Task details = Only one stretch of the data should be retyped: the lines from the line containing "Featuring a dainty" through the line containing "Last move : 1/2-1/2". Keep pictures out of it.

Record extracts =
┄┄┄┄┄┄
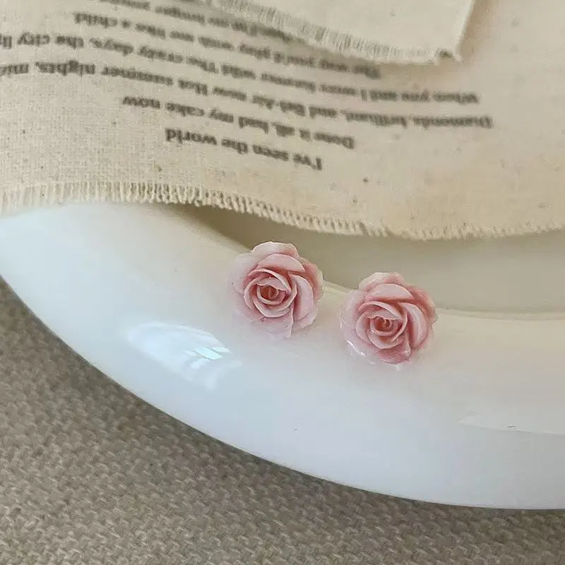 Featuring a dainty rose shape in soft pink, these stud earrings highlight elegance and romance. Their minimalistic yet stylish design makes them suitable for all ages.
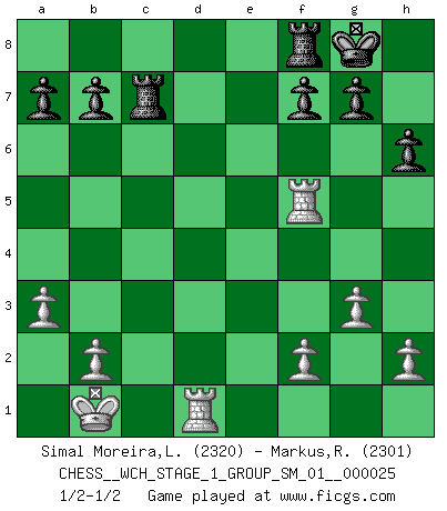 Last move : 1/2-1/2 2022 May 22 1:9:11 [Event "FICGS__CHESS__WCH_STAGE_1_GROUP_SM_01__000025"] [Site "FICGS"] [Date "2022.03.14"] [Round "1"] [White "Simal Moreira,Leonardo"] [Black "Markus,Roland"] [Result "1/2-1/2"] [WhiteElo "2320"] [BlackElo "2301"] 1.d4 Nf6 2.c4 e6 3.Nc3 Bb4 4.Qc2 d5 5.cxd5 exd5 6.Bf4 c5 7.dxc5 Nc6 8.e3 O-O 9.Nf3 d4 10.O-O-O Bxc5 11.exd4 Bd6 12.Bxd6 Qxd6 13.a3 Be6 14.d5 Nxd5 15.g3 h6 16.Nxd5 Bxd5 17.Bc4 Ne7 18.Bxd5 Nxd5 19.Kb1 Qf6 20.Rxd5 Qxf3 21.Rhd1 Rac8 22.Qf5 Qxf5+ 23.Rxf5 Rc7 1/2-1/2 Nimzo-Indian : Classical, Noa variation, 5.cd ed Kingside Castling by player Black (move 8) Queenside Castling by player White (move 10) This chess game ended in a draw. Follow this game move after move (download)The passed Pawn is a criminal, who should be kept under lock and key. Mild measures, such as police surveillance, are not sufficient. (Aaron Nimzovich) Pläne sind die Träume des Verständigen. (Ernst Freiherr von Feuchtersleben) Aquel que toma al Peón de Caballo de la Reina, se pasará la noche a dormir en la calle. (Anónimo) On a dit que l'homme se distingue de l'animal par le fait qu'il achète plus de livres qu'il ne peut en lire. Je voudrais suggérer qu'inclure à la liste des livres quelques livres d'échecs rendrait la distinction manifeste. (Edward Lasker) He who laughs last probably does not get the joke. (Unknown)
┄┄┄┄┄┄
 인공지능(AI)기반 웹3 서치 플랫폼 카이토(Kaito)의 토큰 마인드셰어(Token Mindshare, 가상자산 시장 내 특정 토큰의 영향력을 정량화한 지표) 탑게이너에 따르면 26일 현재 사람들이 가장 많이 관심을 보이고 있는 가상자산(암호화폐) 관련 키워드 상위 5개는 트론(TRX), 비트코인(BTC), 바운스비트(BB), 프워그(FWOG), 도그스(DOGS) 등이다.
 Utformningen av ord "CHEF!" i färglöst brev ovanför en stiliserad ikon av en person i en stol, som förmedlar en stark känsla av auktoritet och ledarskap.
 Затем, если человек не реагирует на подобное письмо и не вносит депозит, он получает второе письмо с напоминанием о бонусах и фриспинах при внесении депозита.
┄┄┄┄┄┄
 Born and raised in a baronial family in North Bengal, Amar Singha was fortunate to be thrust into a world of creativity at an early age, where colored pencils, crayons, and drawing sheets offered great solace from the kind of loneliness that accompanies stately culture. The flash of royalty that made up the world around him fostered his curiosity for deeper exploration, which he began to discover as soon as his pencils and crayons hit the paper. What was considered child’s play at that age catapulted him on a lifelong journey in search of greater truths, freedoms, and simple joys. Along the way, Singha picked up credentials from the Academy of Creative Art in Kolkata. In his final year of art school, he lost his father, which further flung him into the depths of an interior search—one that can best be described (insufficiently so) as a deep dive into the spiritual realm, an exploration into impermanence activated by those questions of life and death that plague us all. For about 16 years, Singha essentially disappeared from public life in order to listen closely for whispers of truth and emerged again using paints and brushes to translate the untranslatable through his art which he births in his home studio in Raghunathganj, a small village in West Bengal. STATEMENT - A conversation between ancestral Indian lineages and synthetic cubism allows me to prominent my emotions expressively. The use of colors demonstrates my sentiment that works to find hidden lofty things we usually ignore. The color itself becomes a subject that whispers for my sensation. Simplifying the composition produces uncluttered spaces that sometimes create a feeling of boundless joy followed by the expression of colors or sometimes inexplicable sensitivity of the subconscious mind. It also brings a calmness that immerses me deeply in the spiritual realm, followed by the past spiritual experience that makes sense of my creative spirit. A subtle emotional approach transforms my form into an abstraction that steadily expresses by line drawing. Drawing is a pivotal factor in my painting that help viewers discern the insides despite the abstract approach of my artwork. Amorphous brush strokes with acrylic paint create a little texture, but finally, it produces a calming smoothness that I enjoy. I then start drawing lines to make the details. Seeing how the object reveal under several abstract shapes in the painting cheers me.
┄┄┄┄┄┄
Exercise result =
 Featuring a dainty rose shape in soft pink, these stud earrings highlight elegance and romance. Their minimalistic yet stylish design makes them suitable for all ages.
 Last move : 1/2-1/2 2022 May 22 1:9:11 [Event "FICGS__CHESS__WCH_STAGE_1_GROUP_SM_01__000025"] [Site "FICGS"] [Date "2022.03.14"] [Round "1"] [White "Simal Moreira,Leonardo"] [Black "Markus,Roland"] [Result "1/2-1/2"] [WhiteElo "2320"] [BlackElo "2301"] 1.d4 Nf6 2.c4 e6 3.Nc3 Bb4 4.Qc2 d5 5.cxd5 exd5 6.Bf4 c5 7.dxc5 Nc6 8.e3 O-O 9.Nf3 d4 10.O-O-O Bxc5 11.exd4 Bd6 12.Bxd6 Qxd6 13.a3 Be6 14.d5 Nxd5 15.g3 h6 16.Nxd5 Bxd5 17.Bc4 Ne7 18.Bxd5 Nxd5 19.Kb1 Qf6 20.Rxd5 Qxf3 21.Rhd1 Rac8 22.Qf5 Qxf5+ 23.Rxf5 Rc7 1/2-1/2 Nimzo-Indian : Classical, Noa variation, 5.cd ed Kingside Castling by player Black (move 8) Queenside Castling by player White (move 10) This chess game ended in a draw. Follow this game move after move (download)The passed Pawn is a criminal, who should be kept under lock and key. Mild measures, such as police surveillance, are not sufficient. (Aaron Nimzovich) Pläne sind die Träume des Verständigen. (Ernst Freiherr von Feuchtersleben) Aquel que toma al Peón de Caballo de la Reina, se pasará la noche a dormir en la calle. (Anónimo) On a dit que l'homme se distingue de l'animal par le fait qu'il achète plus de livres qu'il ne peut en lire. Je voudrais suggérer qu'inclure à la liste des livres quelques livres d'échecs rendrait la distinction manifeste. (Edward Lasker) He who laughs last probably does not get the joke. (Unknown)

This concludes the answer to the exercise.